- _Dataset extract_
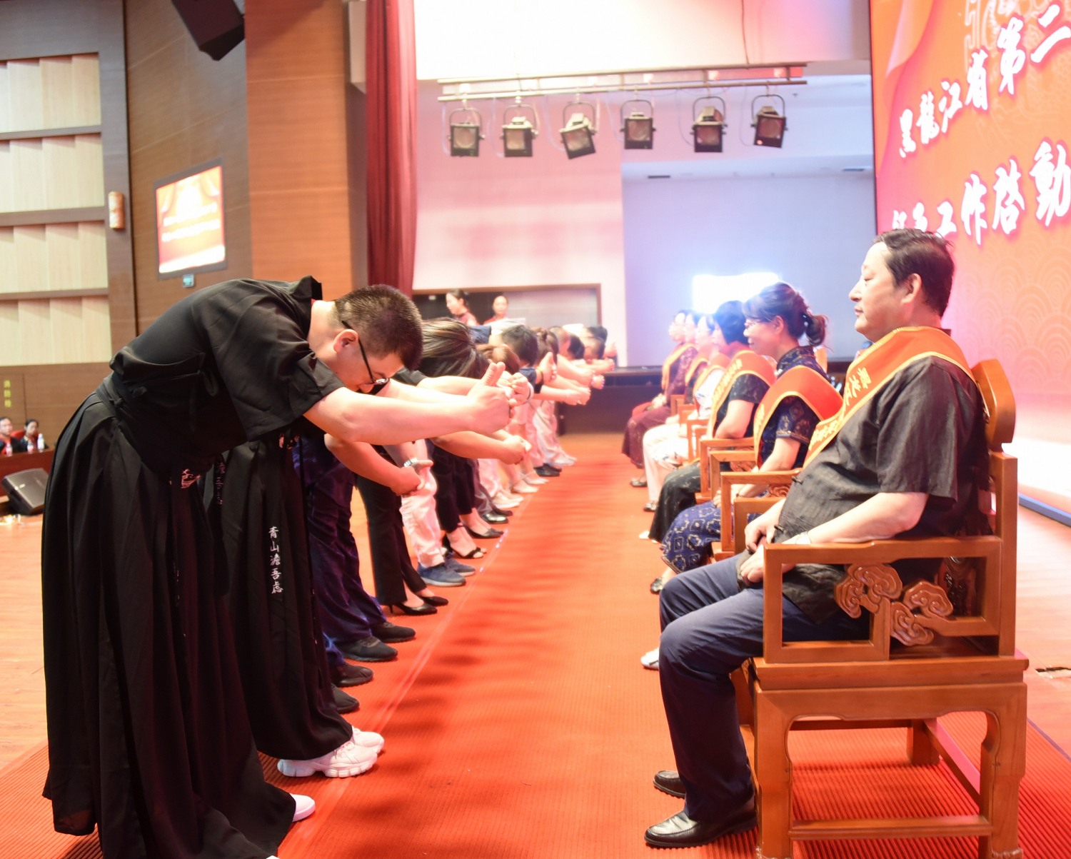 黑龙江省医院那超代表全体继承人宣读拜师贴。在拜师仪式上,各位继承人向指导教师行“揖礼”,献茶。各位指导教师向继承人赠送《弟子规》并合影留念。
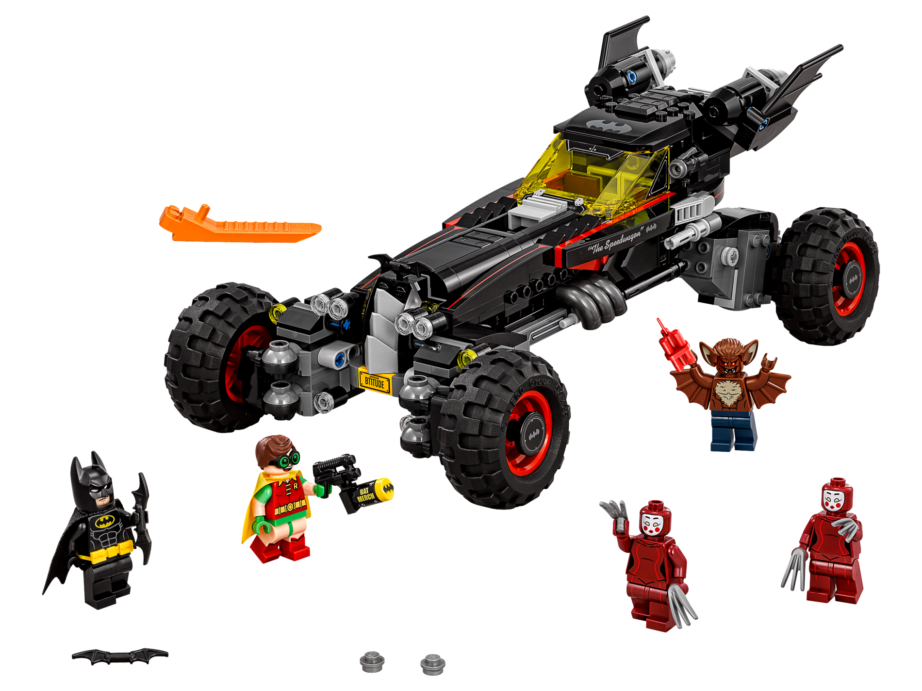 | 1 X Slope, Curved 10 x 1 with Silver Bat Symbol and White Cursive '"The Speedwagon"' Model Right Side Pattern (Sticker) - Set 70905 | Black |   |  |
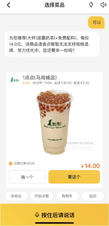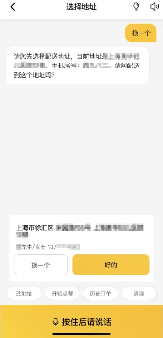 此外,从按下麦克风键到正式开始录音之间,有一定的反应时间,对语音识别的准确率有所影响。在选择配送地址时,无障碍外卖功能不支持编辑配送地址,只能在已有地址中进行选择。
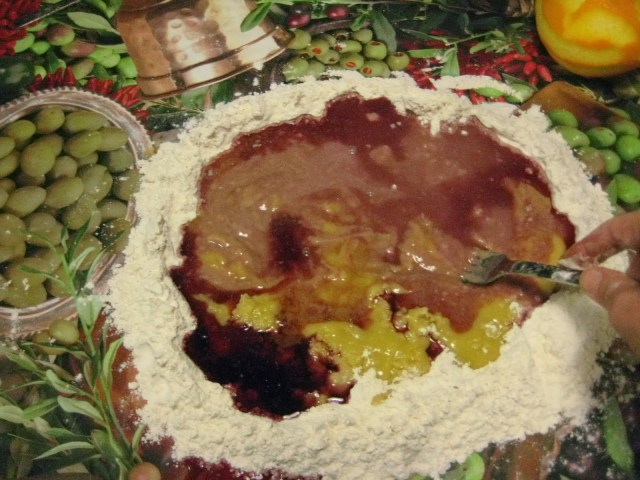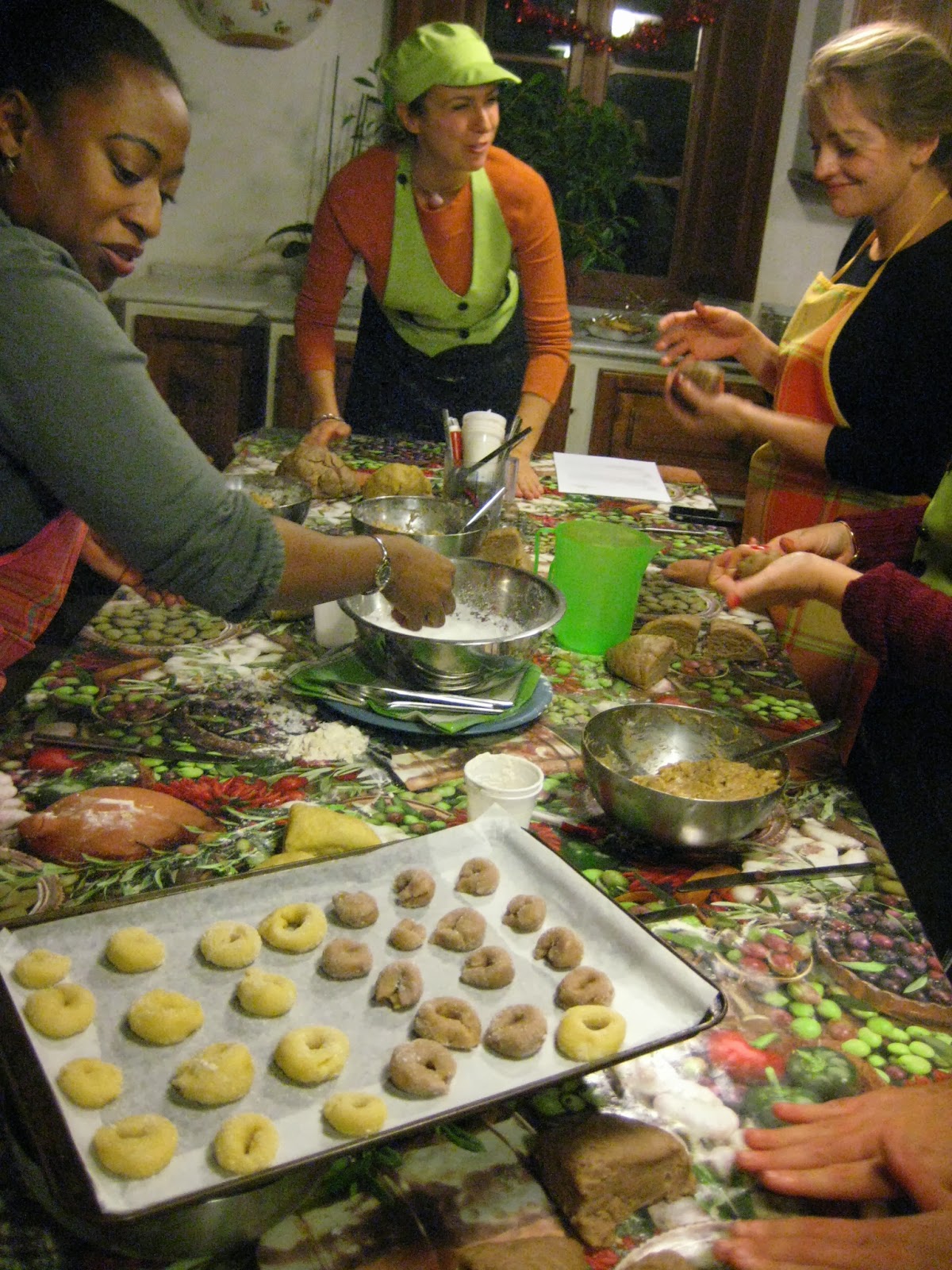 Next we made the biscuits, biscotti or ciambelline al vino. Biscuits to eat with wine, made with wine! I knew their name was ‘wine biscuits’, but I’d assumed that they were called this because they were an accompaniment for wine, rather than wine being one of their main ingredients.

- _Task details_
Print the material above word for word, first line through the line with "此外,从按下麦克风键到正式开", and leave every picture out.

- _Response to the task_
 黑龙江省医院那超代表全体继承人宣读拜师贴。在拜师仪式上,各位继承人向指导教师行“揖礼”,献茶。各位指导教师向继承人赠送《弟子规》并合影留念。
 | 1 X Slope, Curved 10 x 1 with Silver Bat Symbol and White Cursive '"The Speedwagon"' Model Right Side Pattern (Sticker) - Set 70905 | Black |   |  |
 此外,从按下麦克风键到正式开始录音之间,有一定的反应时间,对语音识别的准确率有所影响。在选择配送地址时,无障碍外卖功能不支持编辑配送地址,只能在已有地址中进行选择。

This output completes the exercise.